Descobri que os estatutos das federações desportivas são uma falácia, ou uma farsa.

Comecei por ler que, de acordo com as sanções económicas dos governos ocidentais – ditos liberais e estados de direito –, a Rússia e a Bielorrússia tinham sido excluídas de, entre outros eventos desportivos, das Olimpíadas de Verão e Inverno, mais as dos Paralímpicos, organizadas pelo Comité Olímpico Internacional, mais ainda do Campeonato do Mundo de Futebol e até da Surdo Olimpíada (existe!) a realizar em Caxias e Farroupilha, no Brasil, e ainda do campeonato de bowling a realizar no Parque da Festa da Uva, também no Brasil!

A minha questão não é o de uma federação ou confederação excluir um membro de uma competição, a minha questão é a de que as federações desportivas que o fazem obedecem a ordens dos seus governos, contrariando os estatutos que as Federações aprovaram e que os governos aprovaram nos seus Diários ou Jornais Oficiais.

No caso português, o estatuto das federações desportivas está regulado pelo Decreto-Lei n.º 144/93, de 26 de Abril, que estabelece o regime jurídico das federações desportivas dotadas do estatuto de utilidade pública desportiva.

Do preâmbulo: Definidas como associações de direito privado sem fins lucrativos, as federações dotadas de utilidade pública desportiva exercem em exclusivo poderes de natureza pública inscritos na lei.
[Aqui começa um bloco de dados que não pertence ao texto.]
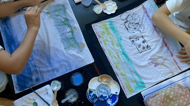 石でできた絵具に託した自分だけのイメージで彩った風呂敷で、どんな意思を包もうか。玉手箱の完成に思いを馳せながら、帰路につきました。
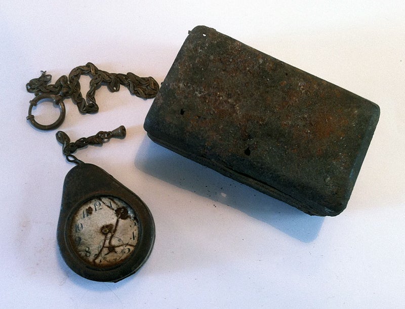 De wijzers van het horloge zijn gesmolten en lieten een afdruk na op de wijzerplaat: iets over half twee brak het inferno los. Deze zwaar gehavende kleinnoden worden binnen de familie van Karel Schel als tastbare herinneringen aan hun grootvader, nog steeds zorgvuldig bewaard.
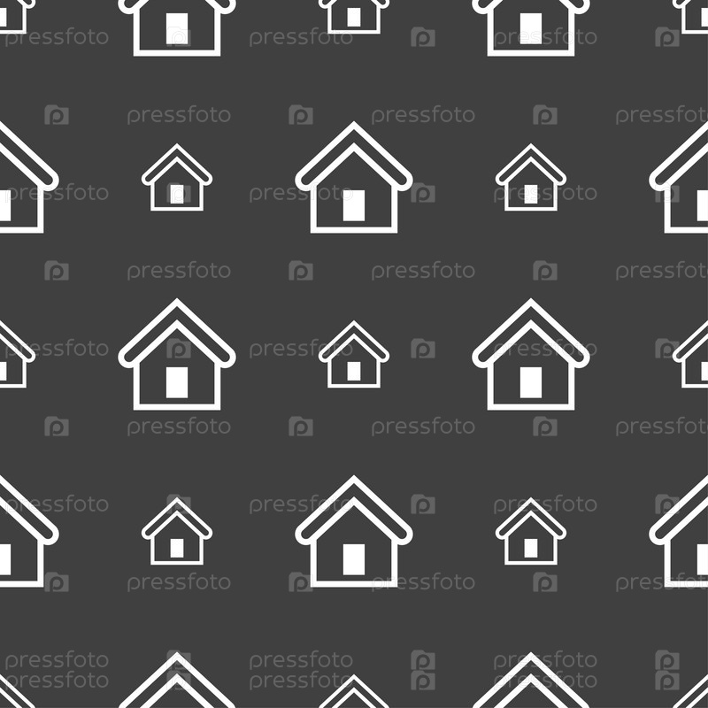 Дом значок знак. Бесшовный узор на сером фоне. Вектор

Desta sorte, garantida a sua independência face ao Estado, o presente diploma assegura a liberdade da sua organização associativa, respeitados os princípios democráticos e de representatividade.
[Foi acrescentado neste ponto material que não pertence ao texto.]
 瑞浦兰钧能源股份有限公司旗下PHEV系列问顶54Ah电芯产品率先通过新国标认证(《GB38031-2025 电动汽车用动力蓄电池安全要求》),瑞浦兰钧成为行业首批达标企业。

No Artigo 3.º é definido o Regime jurídico:

Às federações desportivas é aplicável o disposto no presente diploma e, subsidiariamente, o regime jurídico das associações de direito privado.

Artigo 4.º

Princípios de organização e funcionamento

1 – As federações desportivas organizam-se e prosseguem as suas atividades de acordo com os princípios da liberdade, da democraticidade e da representatividade.

2 – As federações desportivas são independentes do Estado, dos partidos políticos e das instituições religiosas.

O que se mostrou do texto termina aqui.